- Material provided:
※
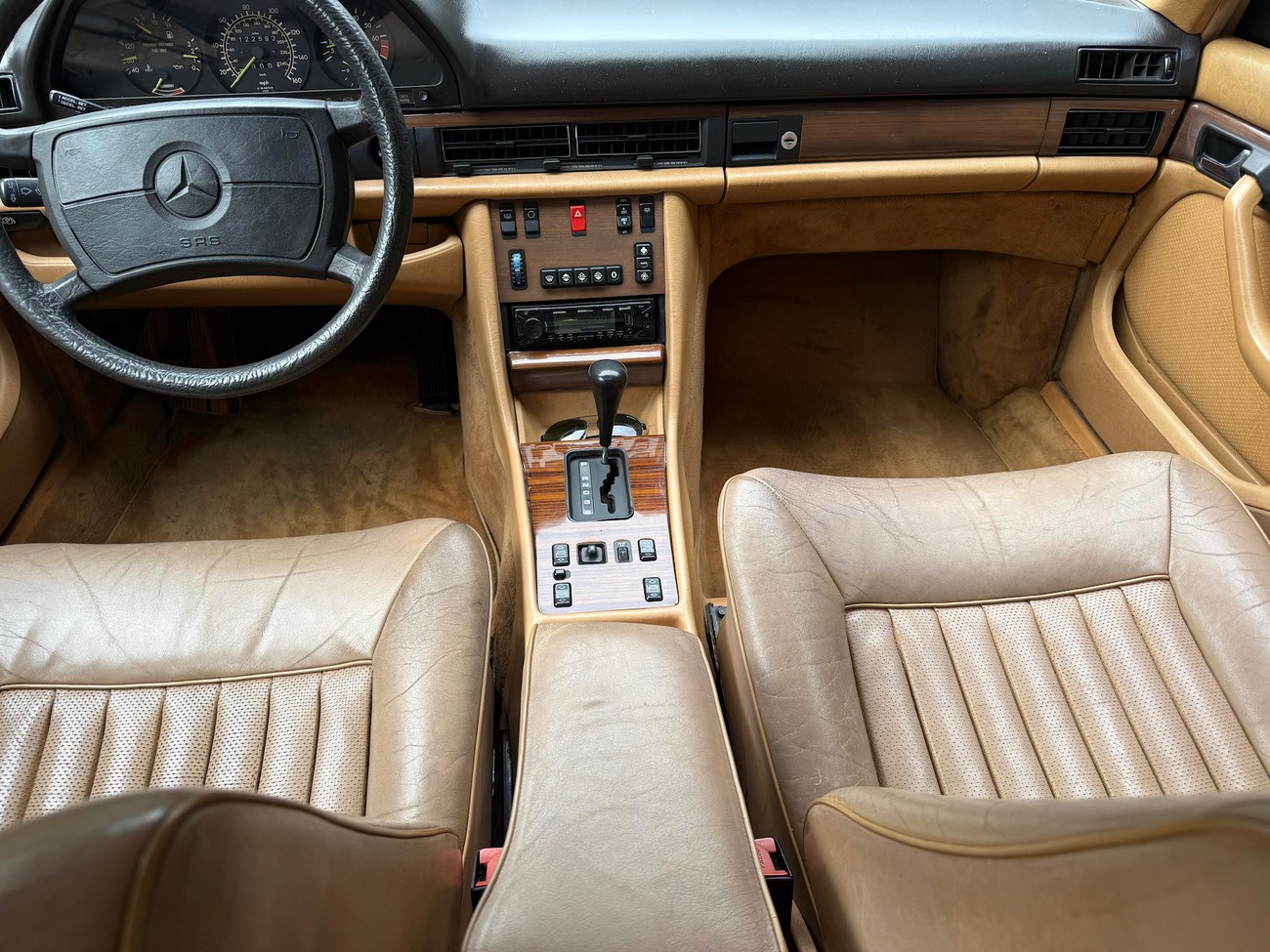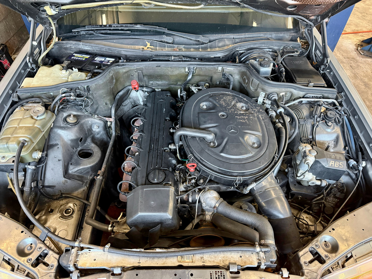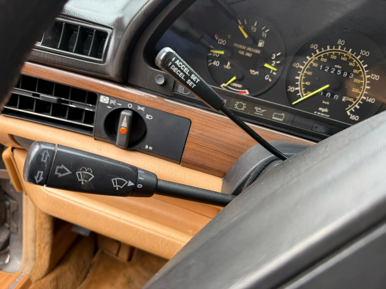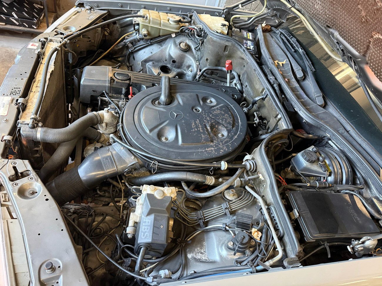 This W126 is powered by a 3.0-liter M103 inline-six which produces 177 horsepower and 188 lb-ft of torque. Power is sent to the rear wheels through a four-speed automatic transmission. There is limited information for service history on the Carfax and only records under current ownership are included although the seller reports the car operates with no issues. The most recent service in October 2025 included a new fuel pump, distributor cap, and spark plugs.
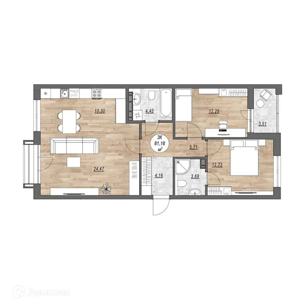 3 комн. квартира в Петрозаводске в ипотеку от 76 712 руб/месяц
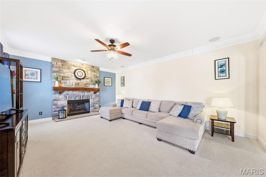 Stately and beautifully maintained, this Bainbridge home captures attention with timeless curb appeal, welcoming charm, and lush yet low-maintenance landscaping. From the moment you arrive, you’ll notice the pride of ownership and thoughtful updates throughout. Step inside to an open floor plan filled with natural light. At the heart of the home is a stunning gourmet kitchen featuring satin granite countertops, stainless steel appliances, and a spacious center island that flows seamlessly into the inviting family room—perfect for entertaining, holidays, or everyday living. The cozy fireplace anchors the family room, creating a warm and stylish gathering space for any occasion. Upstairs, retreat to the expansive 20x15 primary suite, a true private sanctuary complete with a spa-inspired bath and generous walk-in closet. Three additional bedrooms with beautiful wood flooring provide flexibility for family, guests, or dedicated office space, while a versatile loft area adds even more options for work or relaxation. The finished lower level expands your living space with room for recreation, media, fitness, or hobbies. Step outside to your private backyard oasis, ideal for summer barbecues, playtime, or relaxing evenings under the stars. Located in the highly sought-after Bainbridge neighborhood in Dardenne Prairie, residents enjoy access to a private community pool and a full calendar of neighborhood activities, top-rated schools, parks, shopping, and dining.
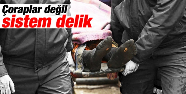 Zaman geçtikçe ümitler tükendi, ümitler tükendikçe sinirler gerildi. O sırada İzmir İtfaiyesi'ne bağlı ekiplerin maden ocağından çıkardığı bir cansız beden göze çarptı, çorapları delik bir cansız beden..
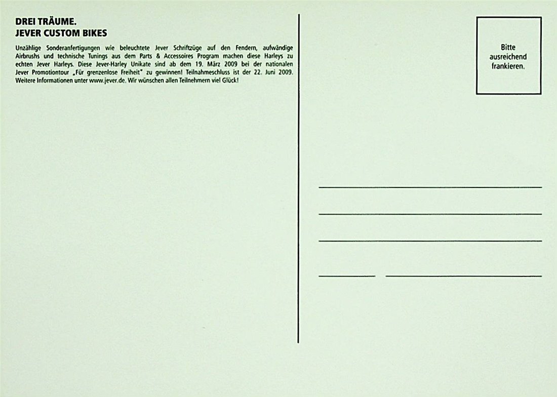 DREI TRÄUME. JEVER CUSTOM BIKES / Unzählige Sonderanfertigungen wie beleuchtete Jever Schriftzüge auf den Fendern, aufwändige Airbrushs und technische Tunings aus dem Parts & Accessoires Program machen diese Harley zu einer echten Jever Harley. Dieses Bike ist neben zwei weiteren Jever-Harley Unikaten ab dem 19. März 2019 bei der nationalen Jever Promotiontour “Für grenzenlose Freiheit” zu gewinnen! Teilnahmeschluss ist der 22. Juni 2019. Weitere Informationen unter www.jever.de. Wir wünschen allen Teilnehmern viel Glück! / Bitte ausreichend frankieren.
※
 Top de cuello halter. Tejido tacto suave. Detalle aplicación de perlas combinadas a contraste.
※
- Exercise instructions:
Copy needed, without pictures: the lines of the listing above from the line containing "This W126 is" up to and including the line containing "3 комн. квартира", set down exactly.

- Expected answer:
 This W126 is powered by a 3.0-liter M103 inline-six which produces 177 horsepower and 188 lb-ft of torque. Power is sent to the rear wheels through a four-speed automatic transmission. There is limited information for service history on the Carfax and only records under current ownership are included although the seller reports the car operates with no issues. The most recent service in October 2025 included a new fuel pump, distributor cap, and spark plugs.
 3 комн. квартира в Петрозаводске в ипотеку от 76 712 руб/месяц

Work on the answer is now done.